To keep runtime manageable, this demo limits to ~10,000 variants per format.

data_dir = Path(repo_root) / "data"
paths = {
    "BED": data_dir / "bed" / "subset.bed",
    "PGEN": data_dir / "pgen" / "subset.pgen",
    "VCF": data_dir / "vcf" / "subset.vcf",
}
max_variants = 10_000


def _write_vcf_head(source_path: Path, output_path: Path, n_variants: int) -> None:
    written = 0
    with open(source_path, "r", encoding="utf-8") as src, open(output_path, "w", encoding="utf-8") as dst:
        for line in src:
            dst.write(line)
            if line.startswith("#"):
                continue
            written += 1
            if written >= int(n_variants):
                break


def _first_n_variant_idxs(reader, limit: int) -> np.ndarray:
    n_total = int(reader.read(fields=["ID"]).n_snps)
    return np.arange(min(limit, n_total), dtype=np.uint32)

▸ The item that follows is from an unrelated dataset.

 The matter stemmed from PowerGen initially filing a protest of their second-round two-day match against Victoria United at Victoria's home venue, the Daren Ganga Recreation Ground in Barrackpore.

if all(p.exists() for p in paths.values()):
    bed_reader = BEDReader(paths["BED"])
    pgen_reader = PGENReader(paths["PGEN"])

    bed_variant_idxs = _first_n_variant_idxs(bed_reader, max_variants)
    pgen_variant_idxs = _first_n_variant_idxs(pgen_reader, max_variants)

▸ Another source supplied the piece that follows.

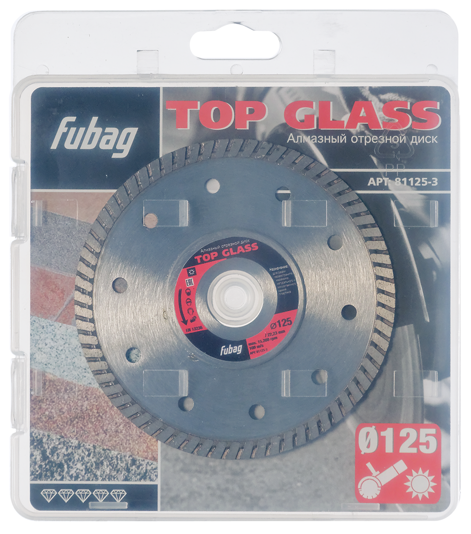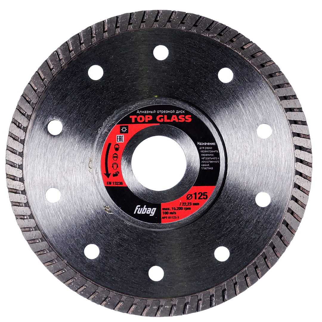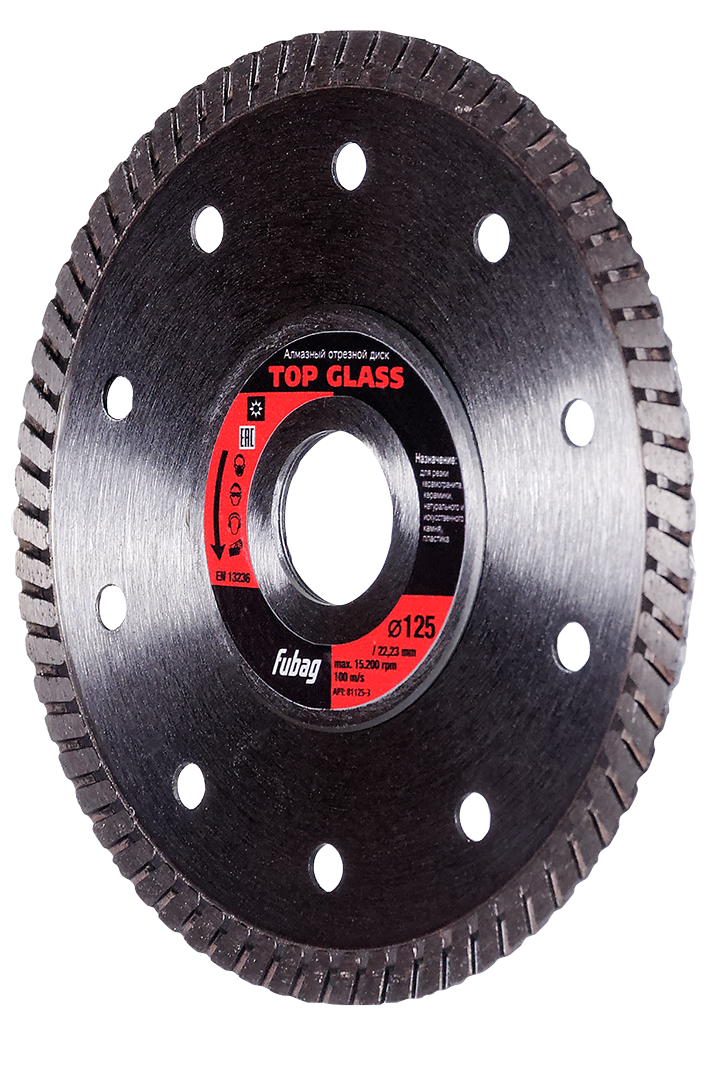 Алмазный отрезной диск для керамогранита с турбо режущей кромкой диаметром 125 мм и посадочным отверстием 22.2 мм. Рекомендован для резки такого материала как: керамогранит, керамика, натуральный и искусственный камень, пластик.

    mini_vcf_path = data_dir / "vcf" / f"subset_{max_variants}.vcf"
    if not mini_vcf_path.exists():
        _write_vcf_head(paths["VCF"], mini_vcf_path, max_variants)

    readers = {
        "BED": (bed_reader, {"variant_idxs": bed_variant_idxs}),
        "PGEN": (pgen_reader, {"variant_idxs": pgen_variant_idxs}),
        "VCF-Polars": (VCFReaderPolars(mini_vcf_path), {}),
    }

    for name, (reader, reader_kwargs) in readers.items():
        af_stream = allele_freq_stream(
            reader,
            chunk_size=250,
            sum_strands=False,
            **reader_kwargs,
        )
        af_eager = reader.read(sum_strands=False, **reader_kwargs).allele_freq()
        max_abs_diff = float(np.max(np.abs(af_stream - af_eager)))
        print(f"{name}: n_snps={af_stream.shape[0]}, max|stream-eager|={max_abs_diff:.3e}")
else:
    print("Optional reader demo skipped: expected files not found under ../data")
BED: n_snps=10000, max|stream-eager|=0.000e+00
PGEN: n_snps=10000, max|stream-eager|=0.000e+00
VCF-Polars: n_snps=10000, max|stream-eager|=0.000e+00

Notes

  • Missing values (-1 or NaN) are ignored in AF denominators.

  • return_counts=True returns called haplotype counts used for each estimate.

  • as_dataframe=True is useful for grouped output readability.

  • For very large datasets, prefer reader-based streaming (iter_read) + allele_freq_stream to keep memory bounded by chunk size.